- _Available data_:
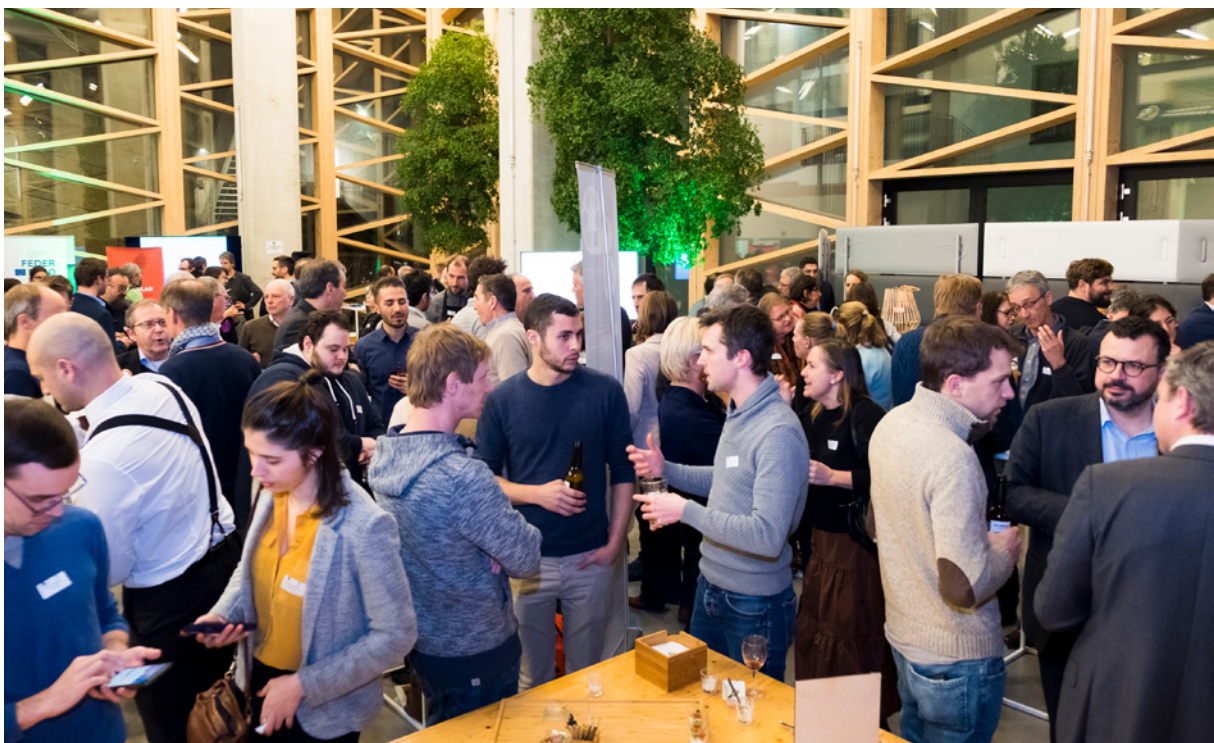
Het team van IRISPHERE ter gelegenheid van de Green Afterwork van IRISPHERE in Greenbizz.

Het programma IRISPHERE , dat gefinancierd wordt door het EFRO, wil de ontwikkeling van de Brusselse circulaire economie bevorderen door synergieën tussen bedrijven te stimuleren. Dit jaar werden 22 instanties begeleid om hun circulaire projecten te realiseren en om partnerschappen met andere instanties aan te gaan. Dat is ook het geval bij BEFIMMO, dat het glas uit de WTC-torens hergebruikt, en bij het atelier Groot Eiland, dat verbonden is aan het MAD en dat meubels creëert op basis van gerecupereerd hout en metalen structuren.
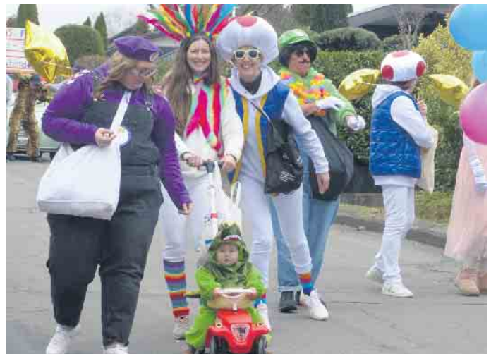
Selbst die Kleinsten zogen bereits durch die Straßen

ten Jahren auch ortsübergreifend einen Zug zusammen zu stellen, der möglicherweise in Oelinghoven beginnt und durch Stieldorf nach Rauschendorf führt“, so Wichartz.

- _What the task requires_:
Restate the data above verbatim, skipping every image.

- _Output of the exercise_:
Het team van IRISPHERE ter gelegenheid van de Green Afterwork van IRISPHERE in Greenbizz.

Het programma IRISPHERE , dat gefinancierd wordt door het EFRO, wil de ontwikkeling van de Brusselse circulaire economie bevorderen door synergieën tussen bedrijven te stimuleren. Dit jaar werden 22 instanties begeleid om hun circulaire projecten te realiseren en om partnerschappen met andere instanties aan te gaan. Dat is ook het geval bij BEFIMMO, dat het glas uit de WTC-torens hergebruikt, en bij het atelier Groot Eiland, dat verbonden is aan het MAD en dat meubels creëert op basis van gerecupereerd hout en metalen structuren.
Selbst die Kleinsten zogen bereits durch die Straßen

ten Jahren auch ortsübergreifend einen Zug zusammen zu stellen, der möglicherweise in Oelinghoven beginnt und durch Stieldorf nach Rauschendorf führt“, so Wichartz.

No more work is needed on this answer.